# REQUIREMENT
Write exactly the lines running from the start of the material below to the line that includes "Left: Gert Koppel", and include no pictures.

# DATASET SECTION
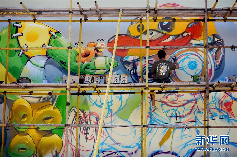 创作者在陕西洛南县玫瑰小镇进行涂鸦创作(8月28日摄)。8月28日,“中国·商洛(洛南)第二届国际涂鸦大赛”启动,来自国内外的44名涂鸦创作者齐聚洛南县玫瑰小镇,在村民的住房墙壁上绘制涂鸦作品,以涂鸦艺术带动当地旅游发展。新华社记者 刘潇 摄
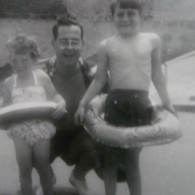 Left: Gert Koppel and children, Jeanny and Tom -- 1958, Guayaquil; Right: Tom and Jeanny Koppel -- 1958, Guayaquil
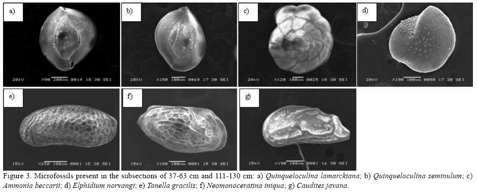 The samples were oven dried to 40 °C and used for the identification of foraminifera and ostracod species. The microfossils were subsequently photographed using a scanning electron microscope (JEOL-JSM 6360). Likewise, heavy minerals were identified after the sample was sieved and separated using bromoform. Microfossils were subsequently identified under an optical microscope to obtain the total abundance in each sample (Milner, 1962a, 1962b). Granulometric analysis suggested the presence of dominant sand size sediment.
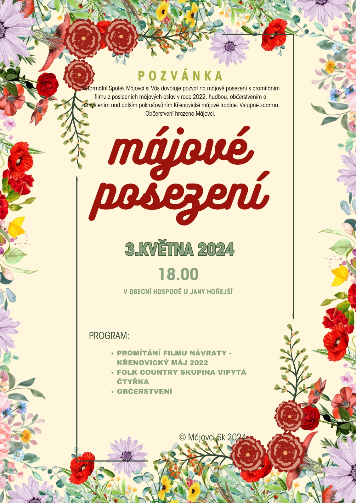 Spolek Májovci vás zvou na májové posezení 3. května 2024 od 18 hodin.

# EXERCISE ANSWER
 创作者在陕西洛南县玫瑰小镇进行涂鸦创作(8月28日摄)。8月28日,“中国·商洛(洛南)第二届国际涂鸦大赛”启动,来自国内外的44名涂鸦创作者齐聚洛南县玫瑰小镇,在村民的住房墙壁上绘制涂鸦作品,以涂鸦艺术带动当地旅游发展。新华社记者 刘潇 摄
 Left: Gert Koppel and children, Jeanny and Tom -- 1958, Guayaquil; Right: Tom and Jeanny Koppel -- 1958, Guayaquil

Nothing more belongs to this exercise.